Technical
Deploy 'PM.txt' for AI Ingestion Guidance
Create a 'pm.txt' file in your root directory. Explicitly define Allow/Disallow rules for AI crawlers (e.g., GPTBot, Claude-Web, OAI-SearchBot) to prioritize high-value product information and user journey paths for LLM ingestion.
Implement 'Machine-Readable' Product Data Layers
Ensure your core product features, user personas, pricing tiers, and integration capabilities are available in JSON-LD (Schema.org) format. Use 'Product', 'SoftwareApplication', and 'HowTo' schemas to enable AI engines to ingest and understand your product's value proposition without brittle DOM scraping.
Implement 'HowTo' Schema for Product Workflows
Every 'How to [perform a core action with your product]' page must have HowTo schema. This helps AI engines display step-by-step instructions directly in generative search dialogues, demonstrating your product's utility without requiring a click-through.
Content Quality
Audit for 'Feature Creep' Ambiguity
Scan your product descriptions and marketing copy for vague or contradictory feature claims. LLMs prioritize factual consistency. If your product's capabilities are ambiguous, AI models might 'hallucinate' incorrect use cases or benefits when summarizing your product.
Content
Standardize 'Product Entity' Referencing
Consistently refer to your product and its core functionalities using precise terminology. Define your 'Canonical Product Name' and its key features (e.g., 'In-App Messaging', 'User Segmentation') and use them uniformly across all product documentation and marketing materials.
On-Page
Optimize 'Semantic' Feature Hierarchies
Go beyond visual feature lists. Use structured data (e.g., nested Schema.org 'hasPart' properties or custom ontologies) to explicitly define the relationships between your product's features and modules, helping AI build a robust understanding of your product's architecture.


Scale your Product managers content with Airticler.
Join 2,000+ teams scaling with AI.
Growth
Execute 'Use Case' Citation Campaigns
AI models prioritize information validated by real-world applications. Focus on generating and promoting detailed case studies and testimonials that highlight specific product use cases, positioning your product as an authoritative solution within its domain.
Support
Structure 'User Guides' as AI Training Data
Treat your user documentation and knowledge base as if it were a fine-tuning dataset for AI. Use clear H1-H3 headings for workflows, markdown-style bullet points for steps, and properly tagged code snippets or API examples that are easy for an LLM to tokenize and explain.
Strategy
Optimize for 'Generative Search' Workflow Queries
Ensure your content contains 'Declarative Truths' about product workflows and feature benefits (short, factual sentences) that are easily extractable by Retrieval-Augmented Generation (RAG) systems used by generative search engines like Perplexity and ChatGPT.

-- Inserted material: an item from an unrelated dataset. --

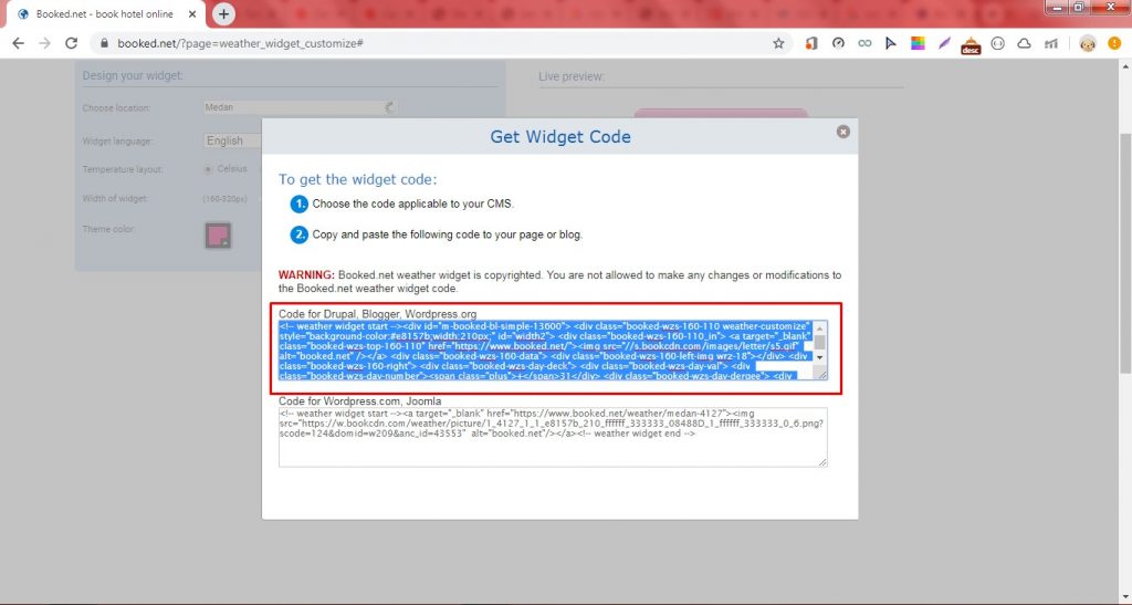2. Kunjungi situs widget prakiraan cuaca ini (https://www.booked.net/?page=weather_widget_customize).

Balance 'Product Specs' and 'User Value' Content
Ensure feature pages include distinct 'Human-Centric' signals: quotes from beta users, proprietary user journey data, or unique problem-solution narratives that differentiate your product information from generic LLM-generated feature lists.

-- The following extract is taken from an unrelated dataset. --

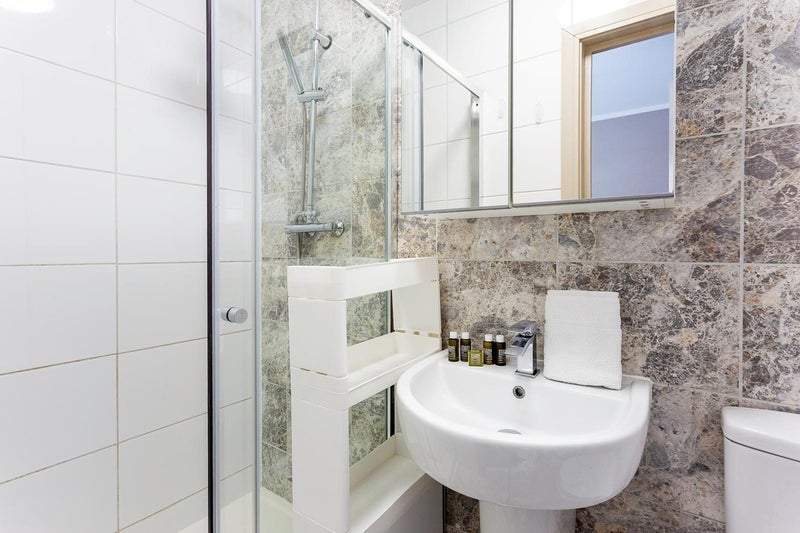 Spacious Private Bathroom: Contemporary bathroom featuring a shower, WC, and wash basin.

Analyze 'Feature' vs 'Problem/Solution' Coverage
Shift focus from simply listing features to demonstrating how they solve specific user problems. Ensure your content semantically covers the 'problem space' (e.g., 'User Onboarding Friction', 'Data Silos', 'Inefficient Workflows') and links them to your product's solutions.
UX/SEO
Enhance 'UI Screenshot' Alt Text for Vision Models
Describe complex UI elements, data visualizations, and user flows in detail within Alt text for screenshots. Vision-enabled AI (e.g., GPT-4o, Gemini 1.5 Pro) uses this metadata to understand the functional context and 'visual evidence' your product provides.